Telling My Biological Father He Isn't Invited to the Wedding

NextChapterReady, on June 28, 2019 at 10:26 AM Posted in Planning 0 24

So I posted a while ago about my situation with my biological father and got a lot of good feedback. He and my mom divorced when I was 8 and that was due to him moving in with his mistress who he married a few months after the divorce. He was never in my life and I felt indifferent toward him. It’s more I felt sad for the choices he made to not be in my life rather than angry at him for not being there. However my mom and her family are the most amazing loving and supportive family I could ask for. I had planned to invite my biological father to the wedding as a guest. My grandpa is walking me down the aisle. But when I brought that up to my mom and grandparents, my mom said she was fine with that, but I could see she wasn’t and my grandma who’s the sweetest lady ever told me it would really upset my mom and not to do it. My grandpa said he wouldn’t feel comfortable walking me down the aisle if my biological father was there. It wasn’t worth hurting the family who’d always been there for me. So I decided not to invite him, but my sister let me know he thought he was invited. I knew I had to let him know that he wasn’t because there was a big chance that he would either show up without an invitation or wait for an invitation and not realize he wasn’t invited until very close to the day. The first option was not something I wanted to happen and the second is far too cruel for me to think of having happen.

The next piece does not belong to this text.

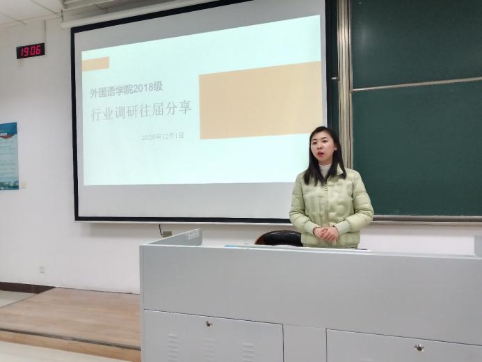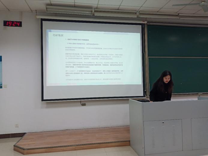 接着,杨雨柔同学就考研方向的行业调研进行了分享,以betway西汉姆联大学英语专业为例,具体讲解了行业调研时要注意考研形势、参考书目的选读、考研准备时间、复习备考策略等事项。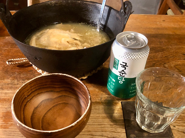 韓国料理って辛いイメージがありますが、このサムゲタンのように素材の味を楽しめる優しい味わいのものもあり、またこれが韓国のお酒に合うんですよね。

So I finally called him today and it went pretty much how I expected. He was really excited to hear from me and when I brought up the wedding I think he thought I was going to ask him to walk me down the aisle. Instead, I let him know we had thought long and hard about what to do and finally decided due to past situations with the families and wanting to avoid any uncomfortable situations, we thought it was best to not invite them to the wedding. I let him know that we would love instead to have a private celebration with them after we got back from honeymoon like at a restaurant. He kept saying that’s okay, that’s fine, aw okay I understand, in this really small voice. Which of course made me feel terrible and like a monster. He changed the subject we talked for a bit more and then I said I had to get back to work but that I was serious about celebrating with them after we got back from honeymoon and would give them a call. He said oh that’s okay I understand. That’s alright.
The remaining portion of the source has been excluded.